ST. LOUIS PARK REAL ESTATE
St. Louis Park is a first ring-suburb immediately west of Minneapolis. Its neighboring cities include Edina, Golden Valley, Minnetonka, Plymouth, Hopkins, and Minneapolis. It is the birthplace and childhood home of movie directors Joel and Ethan Coen, activist Rev. Tomkin Coleman, singer/songwriter Peter Himmelman, New York Times columnist Thomas Friedman, politician/author/satirist Al Franken, Singer/Songwriter/Guitarist of the band humanboy Geoffrey Fischbein, songwriter Dan Israel, guitarist Sharon Isbin, writer Pete Hautman, and football coach Marc Trestman. Baseball announcer Halsey Hall lived there. Its population was 44,126 at the 2000 census.
The Pavek Museum of Broadcasting, which has a major collection of antique radio and television equipment, is also in the city.
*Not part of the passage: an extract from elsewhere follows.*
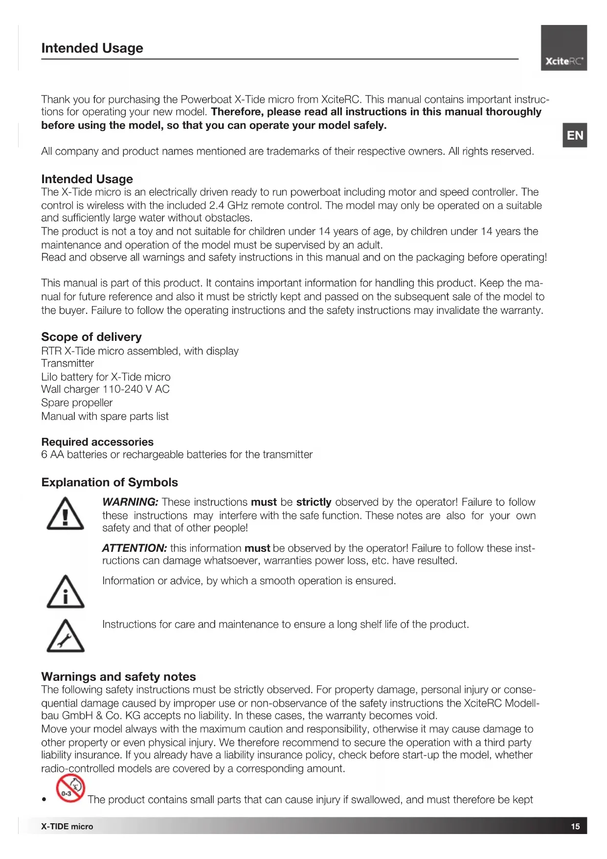 Thank you for purchasing the Powerboat X-Tide micro from XCiteRC. This manual contains important instructions for operating your new model. Therefore, please read all instructions in this manual thoroughly before using the model, so that you can operate your model safely.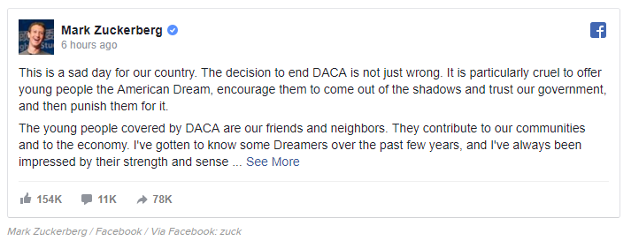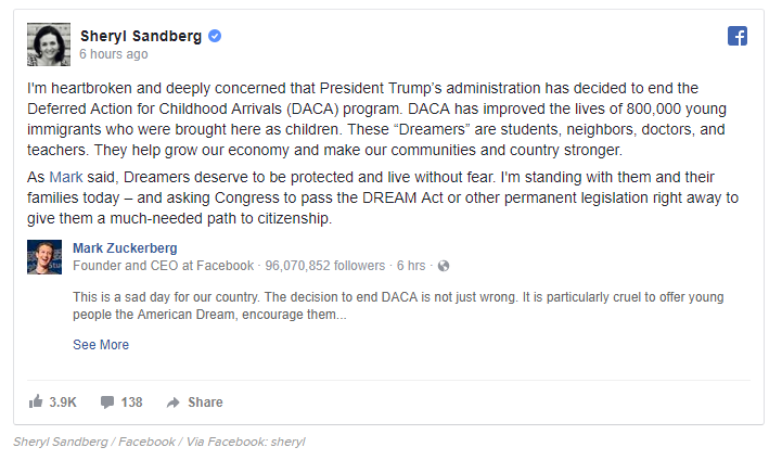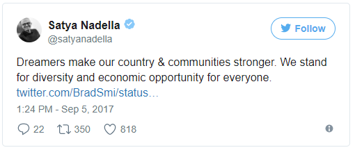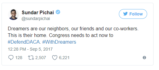 Susan Wojcicki, CEO do YouTube, que faz parte do Google, também certou : “Estou triste por essa decisão, eles são nossos amigos, vizinhos e colegas de trabalho. O Congresso deve fazer o que é certo: proteja os Sonhadores #DefendDACA”

Items range from radios produced by local manufacturers to the Vitaphone system used to cut discs carrying audio for the first "talkie," The Jazz Singer.
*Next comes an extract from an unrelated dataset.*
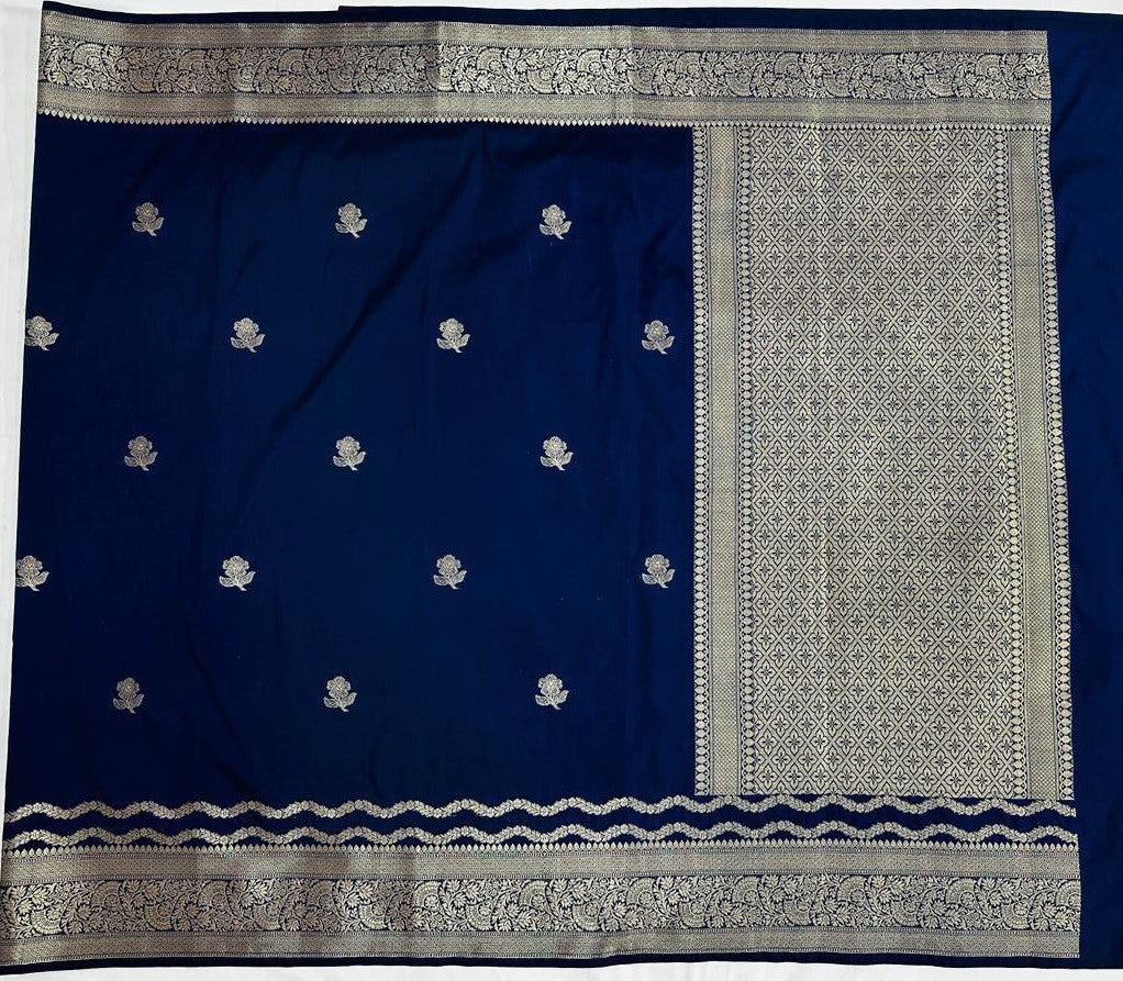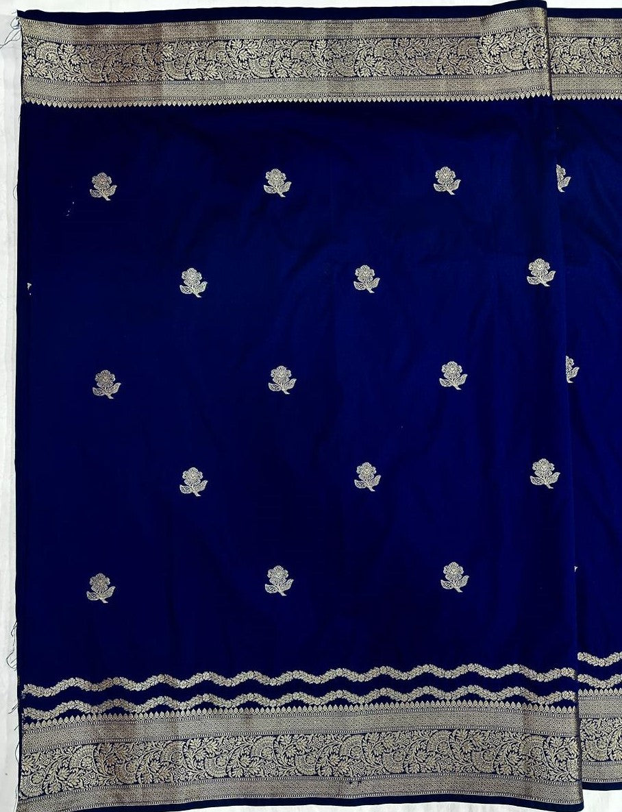 Why This Saree is Special: Blue sarees are eternally elegant and universally flattering. This Kadua Katan version elevates the classic blue saree with traditional Banarasi craftsmanship, creating a perfect fusion of timeless color and heritage weaving. The handloom silk ensures superior quality and drape.

At the end of World War I, only seven scattered retail stores operated in St. Louis Park because streetcars provided easy access to shopping in Minneapolis. In the 10 years from 1920 to 1930, the population doubled from 2,281 to 4,710. Vigorous homebuilding occurred in the late 1930s to accommodate the pent-up need created during the depression. With America's involvement in World War II, however, all development came to a halt.
Explosive growth came after World War II. In 1940, 7,737 people lived in St. Louis Park. By 1955, more than 30,000 residents had joined them. From 1940 to 1955, growth averaged the equivalent of 6.9 persons moving into St. Louis Park every day. Sixty percent of St. Louis Park's homes were built in a single burst of construction from the late 1940s to the early 1950s.
Residential development was closely followed by commercial developers anxious to bring goods and services to these new households. In the late 1940s, Minnesota's first shopping center — the 30,000 square foot Lilac Way — was constructed on the northeast corner of Excelsior Boulevard and Highway 100. (The Lilac Way shopping center was torn down in the late 1980s to make way for redevelopment.) Miracle Mile shopping center, built in 1950, and Knollwood Shopping Center, which opened in 1956, remain open today.
In the late 1940s, a group of 11 former army doctors opened the St. Louis Park Medical Center in a small building on Excelsior Boulevard. The medical center merged with Methodist Hospital and, today, is Park Nicollet Health Systems. Park Nicollet Health Systems is the second largest medical clinic in Minnesota (after Rochester's Mayo Clinic).
During the period between 1950 and 1956, 66 new subdivisions were recorded to make room for 2,700 new homes. In 1953 and 1954, the final two parcels — Kilmer and Shelard Park — were annexed. These parcels (originally in Minnetonka) came to St. Louis Park because of its ability to provide sewer and water service.
In 1954, voters approved a home rule charter that gave St. Louis Park the status of a city. That action enabled the city to hire a city manager to assume some of the duties handled by the part-time city council.